Uyghur Student in Turkey Speaks up After 3 Years of Forced Silence

Rabia Gul arrived in Turkey 4 years ago and Chinese regime imprisoned her family in internment camps while denying her new passport.

Ethnic Uyghur Rabia Gul was awarded postgraduate scholarship by Turkey after completing her graduate program at a university in Beijing. She was called into a police station just a day before her departure to face 4 hours long interrogation during which she was sternly warned about how she is supposed live her life Turkey. “If you care about the safety of your family, watch what you talk and what you write,” she was told. She did exactly what she was told but that did not keep her family back home safe.


Rabia had no problem contacting her family back home in East Turkestan known as Xinjiang in Chinese for about a year. “On March 25th of 2017, my parents and brother were gone. I could not reach anyone. Later I learned that they were placed in internment camps,” Rabia Gul said during a Youtube interview. She could not reach her family for months and later she was informed by a WeChat message that they were placed in “education camp” and would be back home in a couple of months. The Uyghur student kept her quite to make sure no further harm was inflicted on her family. More than a year later her father and brother were released. “My perfectly healthy 55 years old father came back on crutches,” Rabia said. But whereabouts of her mother was a mystery. After a few months, she found out that her mother was in prison pending trial with no further information on why.

Chinese government spies on dissidents abroad through several channels including the United Nations’ officials. Beijing also takes advantage of the technology to crack down even on people in other countries. Rabia Gul says she was several times contacted by local officials from China through unknown numbers on Wechat, popular Chinese messaging application. Chinese diaspora members have to keep Wechat on their smartphones because it is one of the few ways to contact people back home since applications like Whatsapp are banned there.

Rabia was once contacted by Chinese police through WeChat to allow her to talk to her father. Her demand for video conversation was denied by a corresponding police. “What you hear about your mother on social media are not true. Do not ever talk against our beloved state,” said her father to Rabia during the conversation. Rabia Gul says she is certain that her father was being threatened to make those statements over the phone. She is aware that she may never freely speak to her father again.

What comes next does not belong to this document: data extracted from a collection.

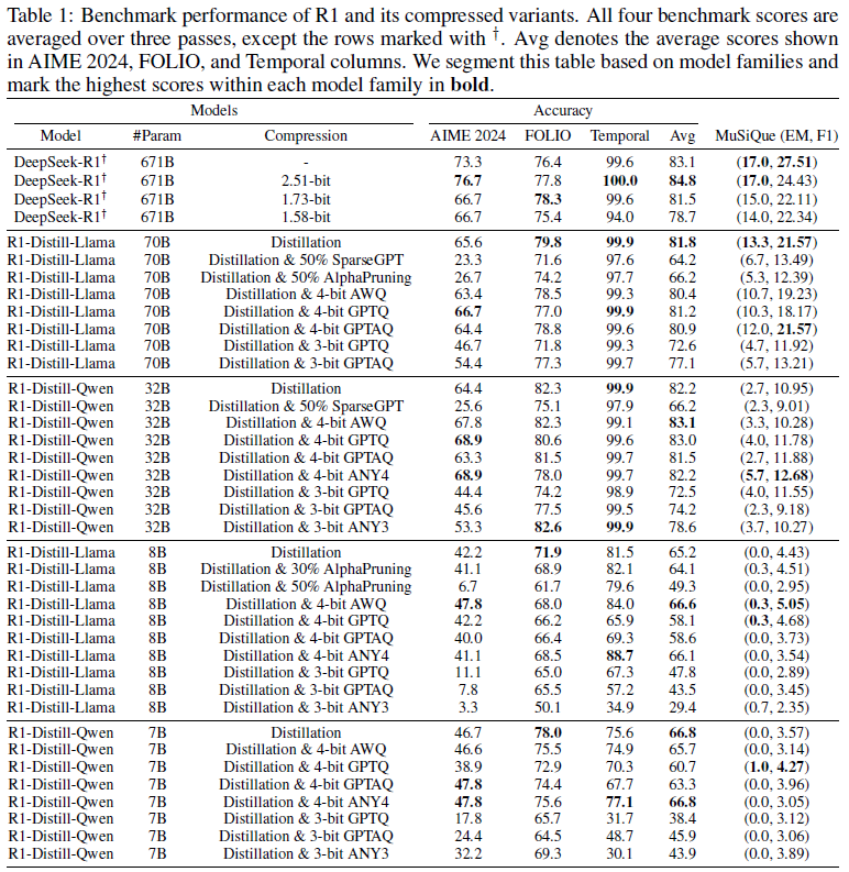 - 압축기법 간 비교: 2.51-bit Dynamic Quantization이 압축률이 상대적으로 낮기 때문에 전체 평균 정확도 측면에서도 가장 우수한 성능, distillation모델인 Llama-70B와 Qwen-32B 역시 원본 R1에 근접한 높은 성능 - Pruning의 치명적 결함 존재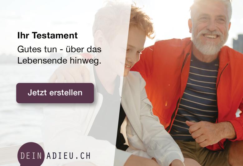 Schweiz - Ihre Unterstützung durch eine Erwähnung in Ihrem Testament ermöglicht es, nach Ihrem Abschied eine bleibende Spur zu hinterlassen! Unser Partner DeinAdieu.ch hilft Ihnen kostenlos dabei.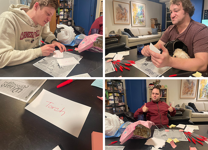 Chaotic Duels: Challenge your rivals! The core mechanic is a rock paper scissors duel to the death with seven spell options. Chant "For the right to fight the blight!" and reveal your Spell.
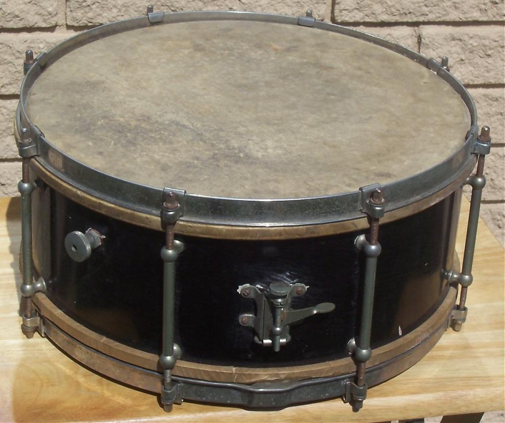 I recently picked up a vintage Leedy Reliance snare drum that, although having all its original components, needed repair work done to the shell itself (lifting issues)as well as the batter side wooden reinforcement ring, which had detached from the shell. The drum came in its original black lacquer finish, which was in pretty rough condition and the snare side head was severaly torn.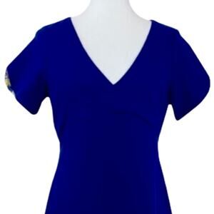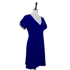 Betsey Johnson Dress V-Neck Blue Empire Waist A-Line Short Sleeve Women's Size 6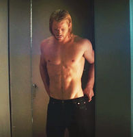 Another man appeared from behind the throne. This one Thor recognized. It was his fellow Avenger Steve Rogers, known as Captain America. He was wearing a version of his normal costume. However, the top was mesh, allowing much of his prodigious physique to be displayed. Instead of pants, he had on bright turquoise shorts that barely went past the crotch.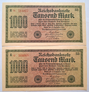 Divas 1000 marku banknotes, ko 1922. gadā izlaida Reihsbanka. Secīgi numuri. Stāvoklis!!!!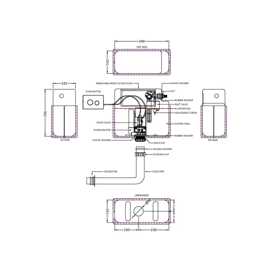 Ceramics Accessories Pneumatic Dual Flush Universal Access Concealed Cistern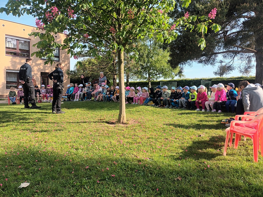 Dne 21. 5. 2024 nás navštívila Policie ČR ze Smiřic. Děti si zopakovaly zásady bezpečné jízdy na kole i jeho povinnou výbavu. Prohlédly si předměty, které policista potřebuje k vykonávání svého povolání – zbraň, vysílačku, obušek, pouta, vestu, světlomet atd. Leccos si mohly dokonce samy vyzkoušet. Přednáška byla ukončena posezením v policejním voze. Děti byly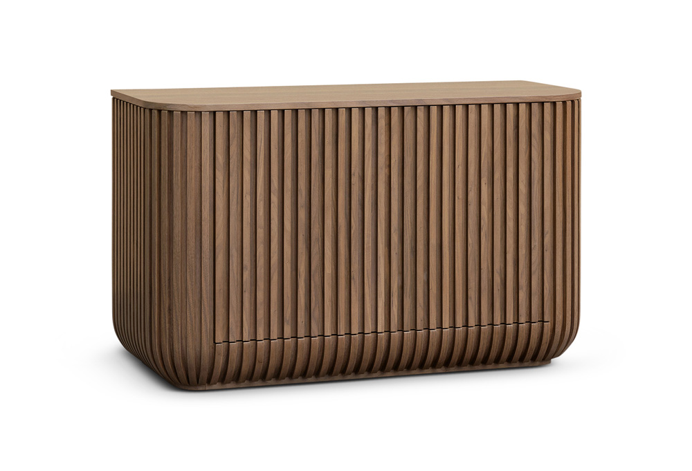 The Jupiter 4-Door Sideboard comes in a wlanut coloured veneer. The Jupiter Sideboard can help achieve the perfect finish in any home or interior design project.

Chinese government has denied issuing new passport for Rabia Gul. While it take only two weeks to renew passports through Chinese missions, Rabia has been denied renewal for 1,5 years. “I am stateless now. I don’t know what I will do after I complete my study,” she says. Turkish government has granted hundreds of Uyghurs citizenship, Rabia reminds but she has yet to get the chance. Returning home, on the other hand, is not an option as one of her closest friends did after completing her study in Turkey. “She was hired by a government agency briefly and placed in camps where she died at the age of 32,” Rabia recalled  

Thousands of Uyghurs in other countries as well as Turkey have been trying to build a new and safer life for themselves while trying to raise awareness globally to save relatives home. Rabia Gul says she does not care about her postgraduate dissertation. “All I want is to see my family safe and sound,” she says.